▶ **TASK ITEM**: With pictures excluded, copy word for word the lines in the data below from the line containing "Vu que je le" through the line containing "- Bıldırcınları kuskusla".

▶ **DATA FOR REVIEW**:
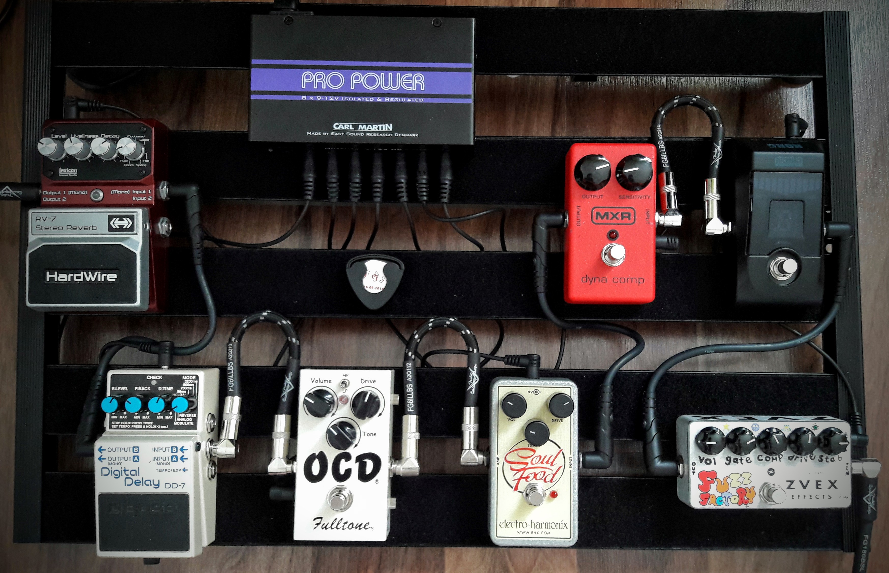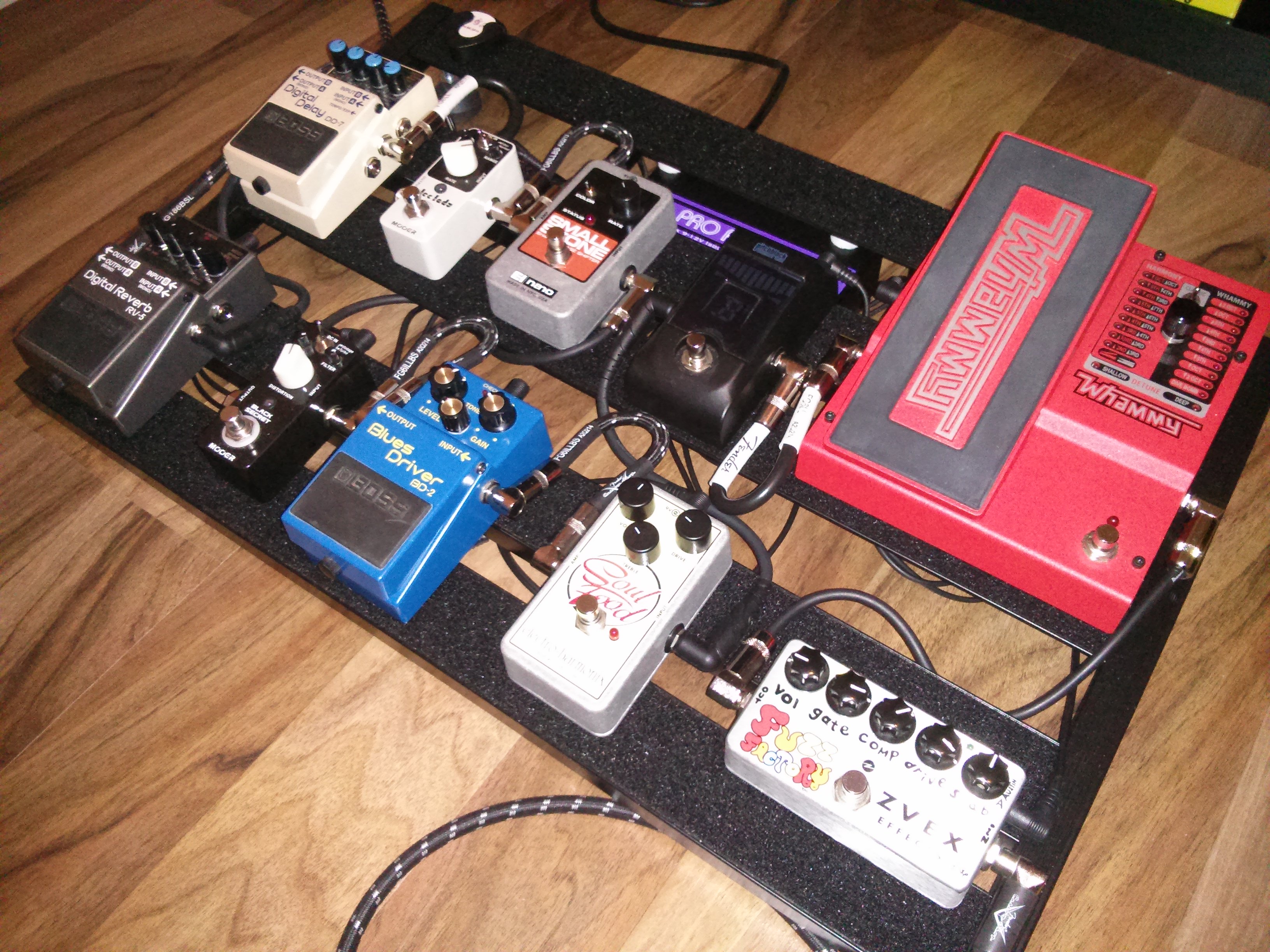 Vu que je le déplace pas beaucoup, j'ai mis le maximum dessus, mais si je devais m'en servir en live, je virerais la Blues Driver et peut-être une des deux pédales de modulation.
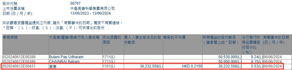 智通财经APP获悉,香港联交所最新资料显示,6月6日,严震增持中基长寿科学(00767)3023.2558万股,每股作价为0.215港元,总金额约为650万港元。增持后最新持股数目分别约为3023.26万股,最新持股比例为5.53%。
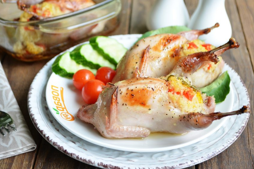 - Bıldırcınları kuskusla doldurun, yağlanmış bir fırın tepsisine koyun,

...

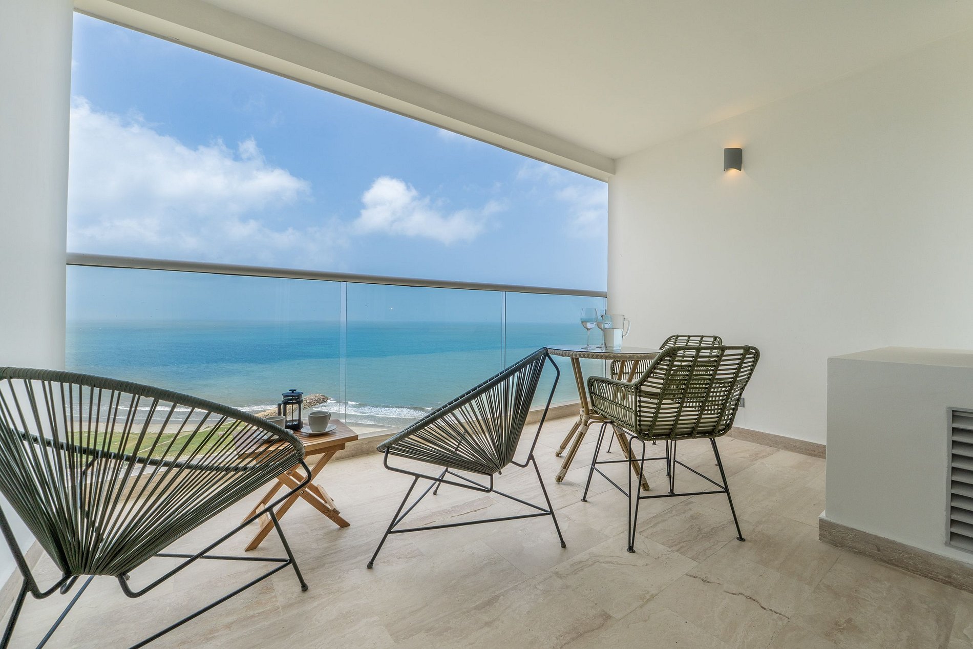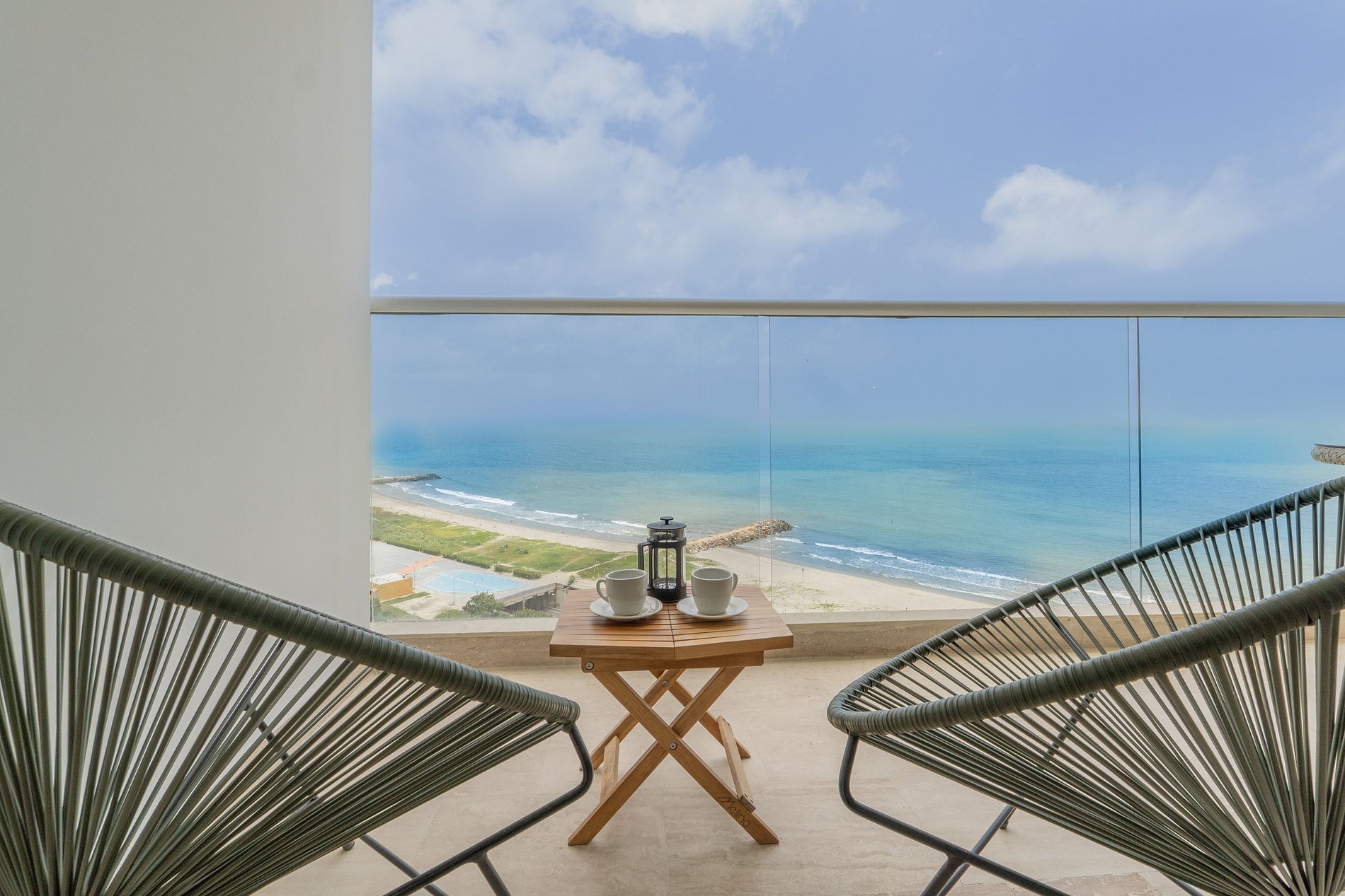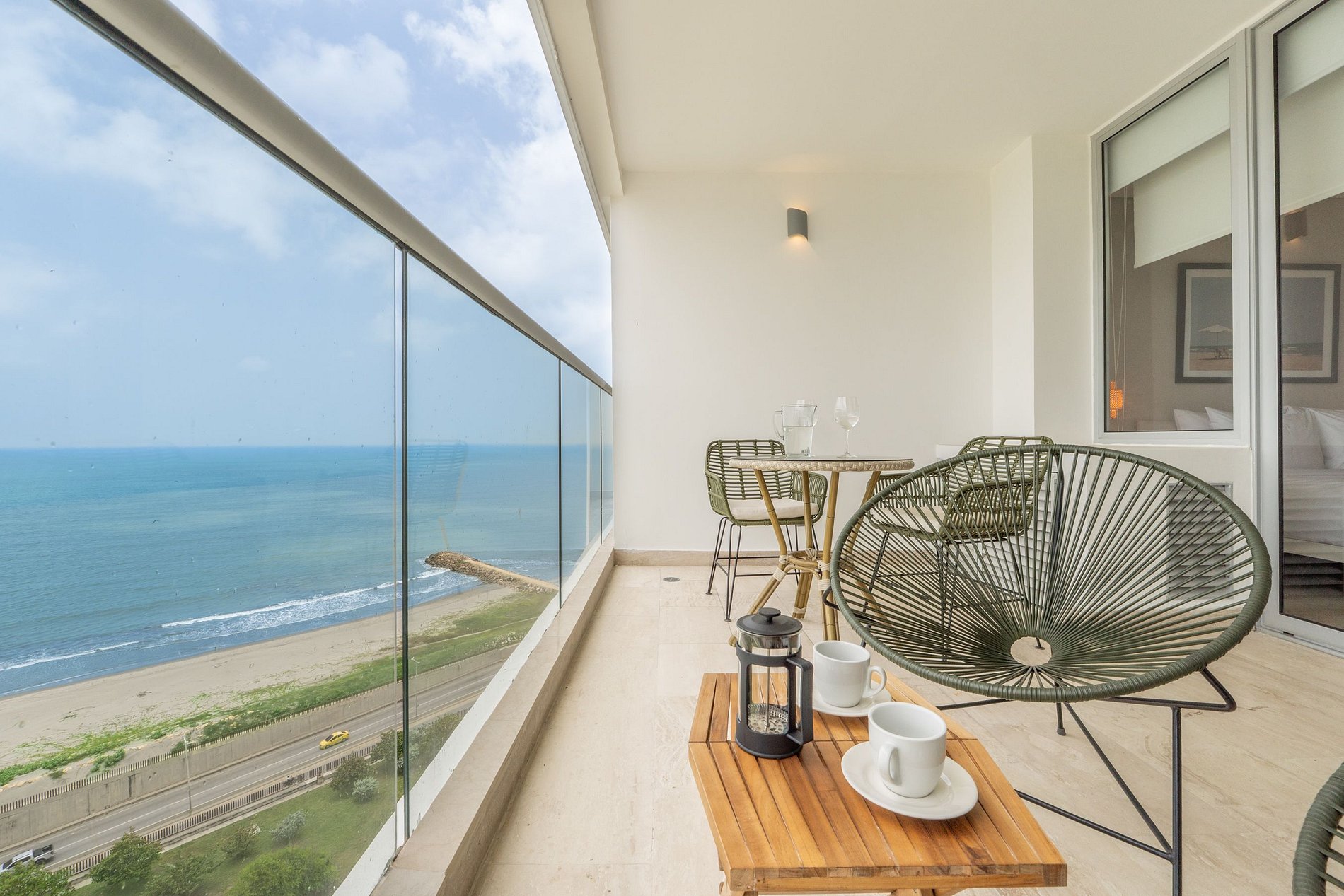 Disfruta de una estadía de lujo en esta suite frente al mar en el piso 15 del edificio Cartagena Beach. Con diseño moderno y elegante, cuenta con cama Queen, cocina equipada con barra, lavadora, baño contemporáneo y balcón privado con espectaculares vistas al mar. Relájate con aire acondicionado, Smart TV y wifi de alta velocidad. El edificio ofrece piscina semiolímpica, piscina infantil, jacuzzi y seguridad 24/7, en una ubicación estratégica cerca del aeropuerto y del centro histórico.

▶ **ANSWER FOR THIS EXERCISE**:
 Vu que je le déplace pas beaucoup, j'ai mis le maximum dessus, mais si je devais m'en servir en live, je virerais la Blues Driver et peut-être une des deux pédales de modulation.
 智通财经APP获悉,香港联交所最新资料显示,6月6日,严震增持中基长寿科学(00767)3023.2558万股,每股作价为0.215港元,总金额约为650万港元。增持后最新持股数目分别约为3023.26万股,最新持股比例为5.53%。
 - Bıldırcınları kuskusla doldurun, yağlanmış bir fırın tepsisine koyun,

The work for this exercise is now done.